= MATERIAL PROVIDED =
++++
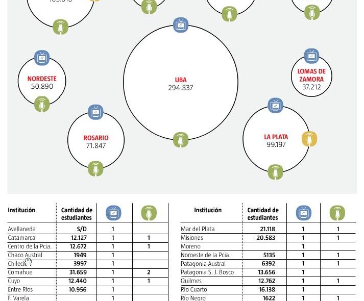 Si bien Afsca autorizó una frecuencia por casa de estudio, las universidades que conformarán importantes multimedios son las de Córdoba, La Plata y Santa Fe, las tres que cuentan con décadas de experiencia en el sector por sus emisoras AM. A ese grupo se podrían sumar la UBA, si finalmente instala su canal en el aire porteño. Y la de Tucumán, que también tiene larga trayectoria en TV. Además, estas cinco universidades están entre las más importantes en cantidad de estudiantes y carreras.
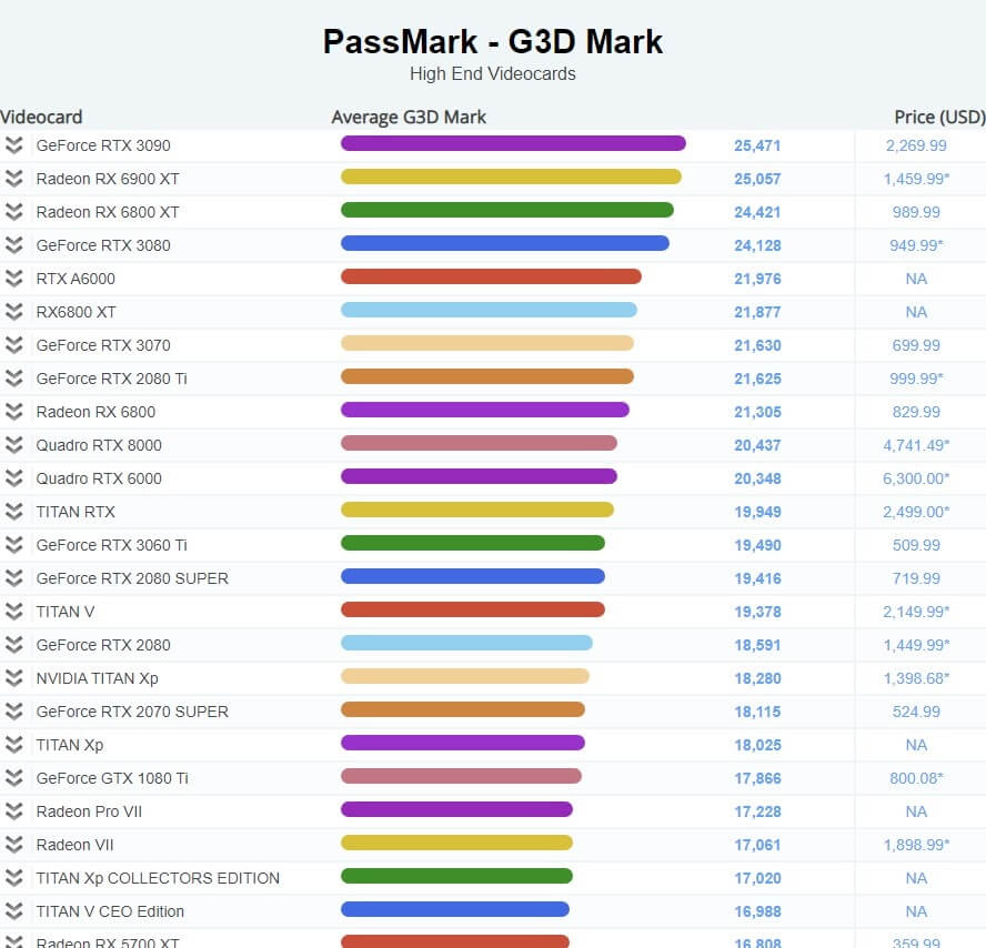 그래픽 카드 성능순위 비교표 2021년 02월 최상위
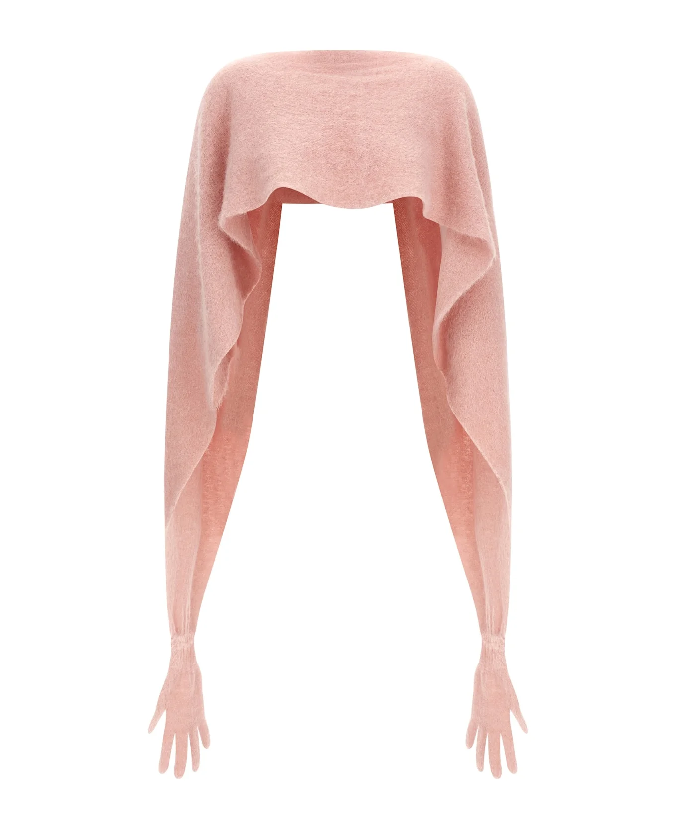 Gauze mohair blend cape with gloves. Composition: 35% mohair wool 35% alpaca wool 30% polyamide Made in: Italy Color: Pink Size and fit: - One size Model number: A338055060168
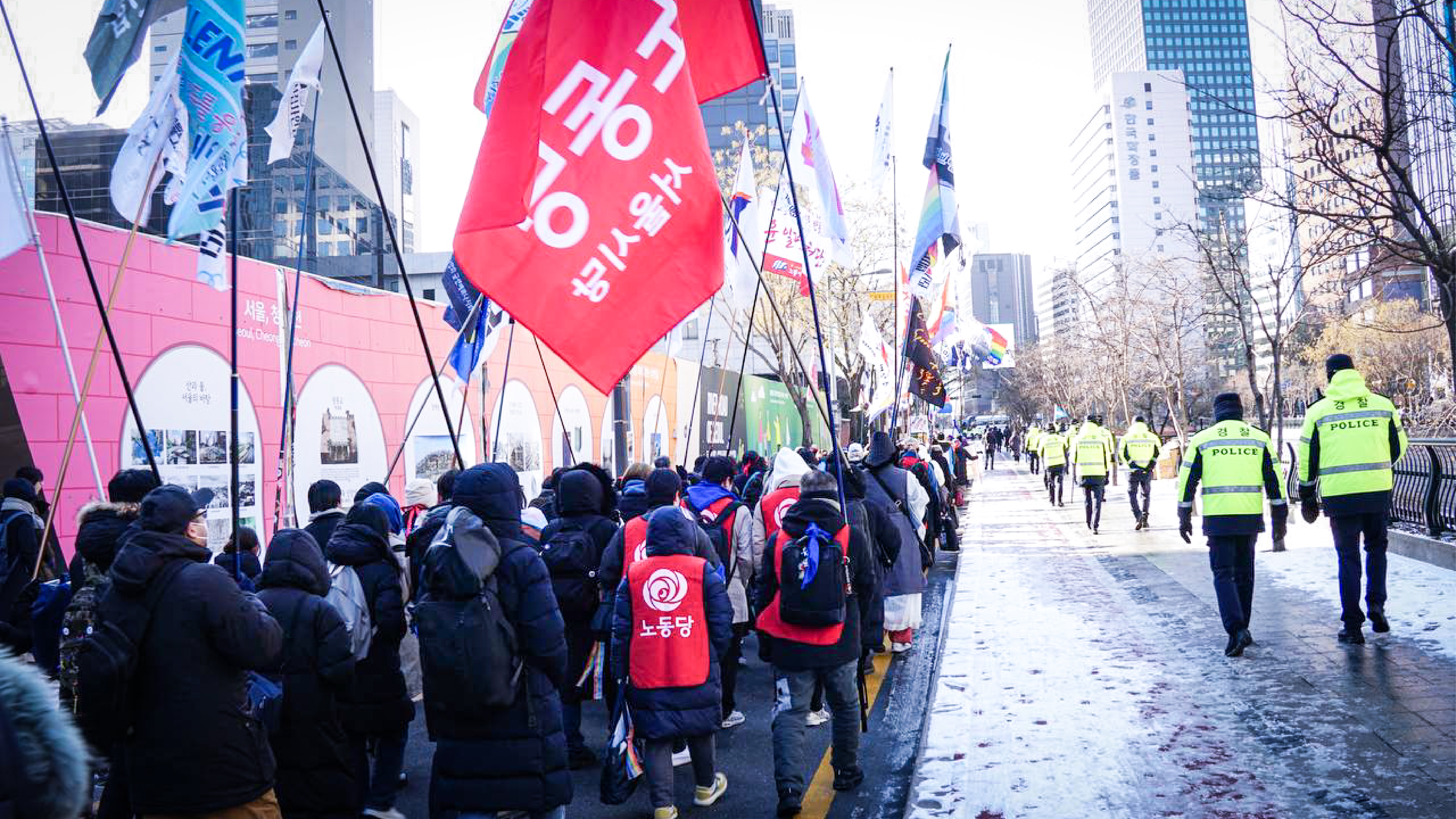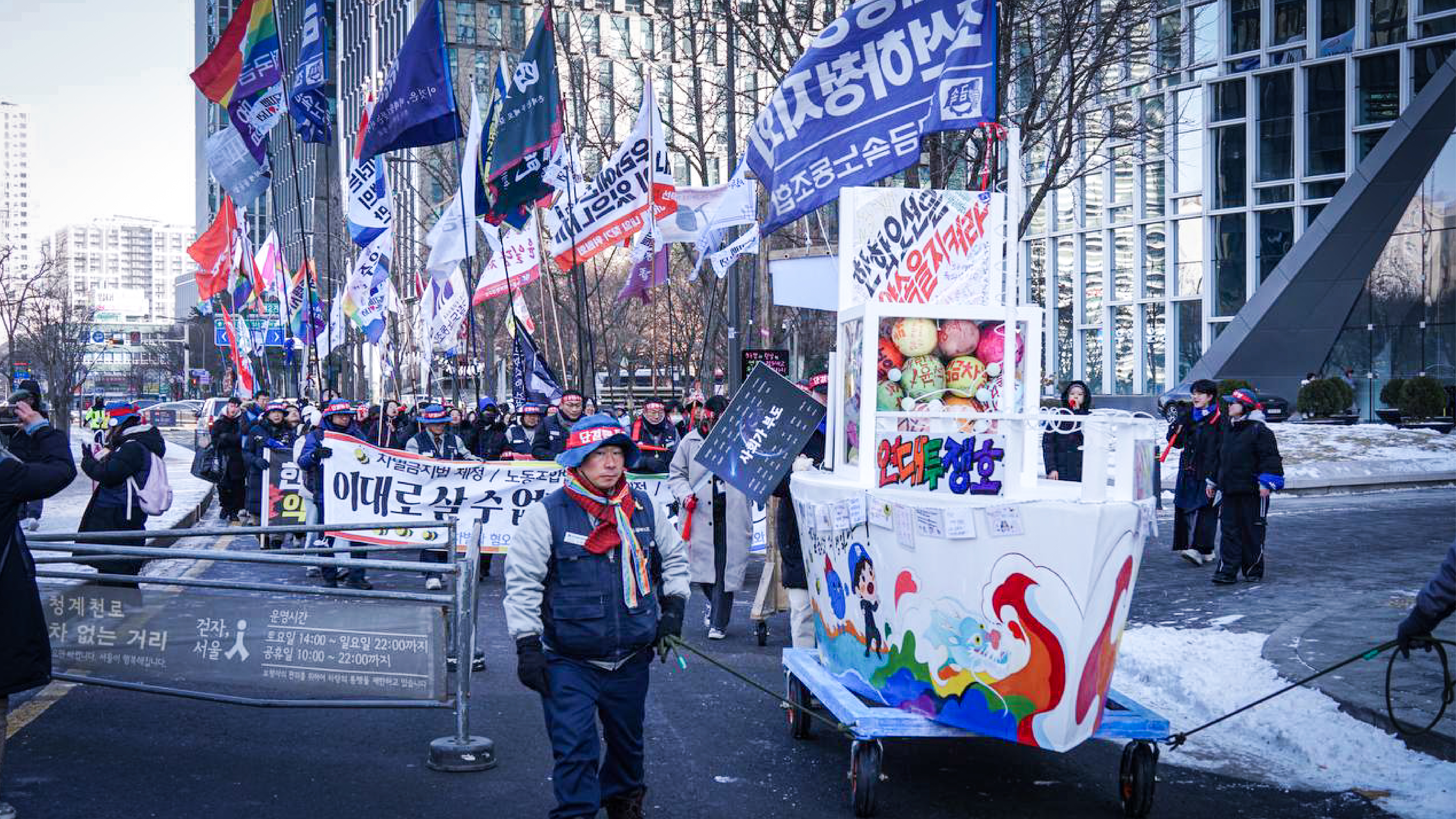 한화오션 사내하청노동자들이 농성을 진행 중인 한화 본사 앞 무지개조선소에서 노동자와 시민이 함께 만들고 이름지은 연대투쟁호의 진수식이 열렸습니다. 노동자와 시민이 서로 동지로 만나, 새로운 세상을 열어가는 연대의 따뜻함을 드러내는 무지갯빛 연대투쟁호는 진수식 이후 윤석열 퇴진 범시민행진이 진행되는 광화문까지 항해했습니다. 인간다운 삶을 위한 투쟁이 죄가 되지 않는, 연대와 해방의 세상으로 노동당이 함께 연대투쟁호 타고 갑니다!
++++
= AIM OF THE EXERCISE =
Please ensure that the data above is repeated exactly, with no pictures in the copy.

= SOLUTION TO THIS EXERCISE =
 Si bien Afsca autorizó una frecuencia por casa de estudio, las universidades que conformarán importantes multimedios son las de Córdoba, La Plata y Santa Fe, las tres que cuentan con décadas de experiencia en el sector por sus emisoras AM. A ese grupo se podrían sumar la UBA, si finalmente instala su canal en el aire porteño. Y la de Tucumán, que también tiene larga trayectoria en TV. Además, estas cinco universidades están entre las más importantes en cantidad de estudiantes y carreras.
 그래픽 카드 성능순위 비교표 2021년 02월 최상위
 Gauze mohair blend cape with gloves. Composition: 35% mohair wool 35% alpaca wool 30% polyamide Made in: Italy Color: Pink Size and fit: - One size Model number: A338055060168
 한화오션 사내하청노동자들이 농성을 진행 중인 한화 본사 앞 무지개조선소에서 노동자와 시민이 함께 만들고 이름지은 연대투쟁호의 진수식이 열렸습니다. 노동자와 시민이 서로 동지로 만나, 새로운 세상을 열어가는 연대의 따뜻함을 드러내는 무지갯빛 연대투쟁호는 진수식 이후 윤석열 퇴진 범시민행진이 진행되는 광화문까지 항해했습니다. 인간다운 삶을 위한 투쟁이 죄가 되지 않는, 연대와 해방의 세상으로 노동당이 함께 연대투쟁호 타고 갑니다!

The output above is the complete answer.